Dernek Başkanı Yılmaz Bora, yaptığı yazılı açıklamada,   Cenevre konferansı öncesinde  Rumlar ve  Yunanların yine gerçeklere aykırı beyanlarını sıklaştırdıklarını ve “içeriden  elde ettikleri gafilleri kullanarak lehlerine bir ortam yaratmak için  çaba harcadıklarını” iddia etti.

Bora, Kıbrıs’ta iki ayrı egemen devletin varlığının esas alınmasına  karşı çıkanların,  kendi çıkarlarını düşündüklerini veya kötü niyetli olduklarını öne sürdü.
 
Bora,  Kıbrıs’ta meydana gelen sıkıntı ve sorunların yaratıcısı Yunanistan ile Kıbrıs Rumları olmasına rağmen hep masum ve haklı rolünü ürettikleri yalanlar ve entrikalarla başarılı bir şekilde yürütmekte olduklarını ifade etti.

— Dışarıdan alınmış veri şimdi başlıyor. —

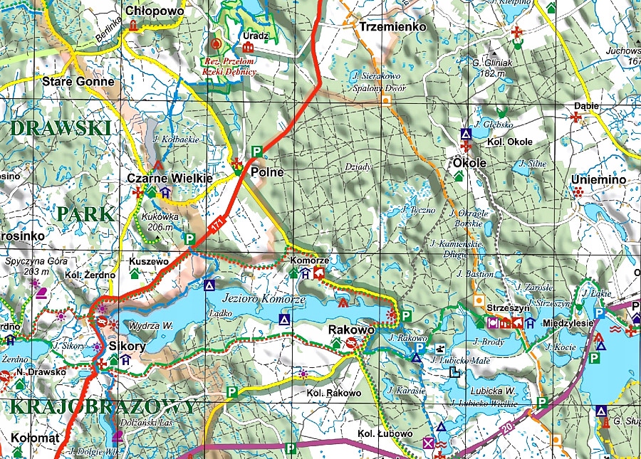 Описова частина не включала плани міст (Щецинек, Борне). Sulinów, Biały Bór і Barwice ), а на їх місці були фотографії та описи кількох десятків туристичних об’єктів – пам’яток, озер, заповідників і музеїв, які варто відвідати в околицях Щецинека.

Bora,  1955’lerde EOKA tedhiş örgütünün açık silahlı eylemleri ile başlayan süreç ve onu takip eden gelişmeler dikkate alındığında karşı tarafın hep Enosis peşinde koştuğunu kaydetti.

Bora,  Cenevre’de 28 Haziran’da yapılması tasarlanan görüşmelere gitmeden önce Rumlar ile Yunanların ortaya koydukları görüşlere bakıldığında aynı zihniyetin devam ettiğinin  görüldüğünü belirtti.
 
21Aralık 1963’ten itibaren Kıbrıs’ta iki ayrı halktan iki ayrı idare oluştuğunu vurgulayan Bora, 1977 ve 1979 Doruk Antlaşmaları ile iki bölgelilik  ve  iki ayrı  otonom idarenin  varlığının  teyit ve kabul edildiğini ifade etti.

Bora, “Özel mülkiyet, dört özgürlük ve serbest dolaşım hakkı ileri sürülerek ve nüfus oranı dört Rum’a karşı Bir Türk ile sabit tutularak, Kıbrıs’ın gerçekleri ile bağdaşmayan tezlerle kalıcı ve yaşayabilir bir çözüme ulaşılamayacağı gibi aynı isteklerde ısrar edilirse bir çözüme ulaşılamayacağı aşikardır” dedi.

Bora, toprak ve mülkiyetin toplu takas ve tazminatlarla hallinin  öngörüldüğüne işaret ederek,  bir uzmanın tespitlerine göre Kıbrıs’ın yüzde 33’ünün tapulu Türk malı olduğunu, Vakıf mallarının Rumlara nasıl geçtiğinin de herkes tarafından bilinmekte olduğunu kaydetti.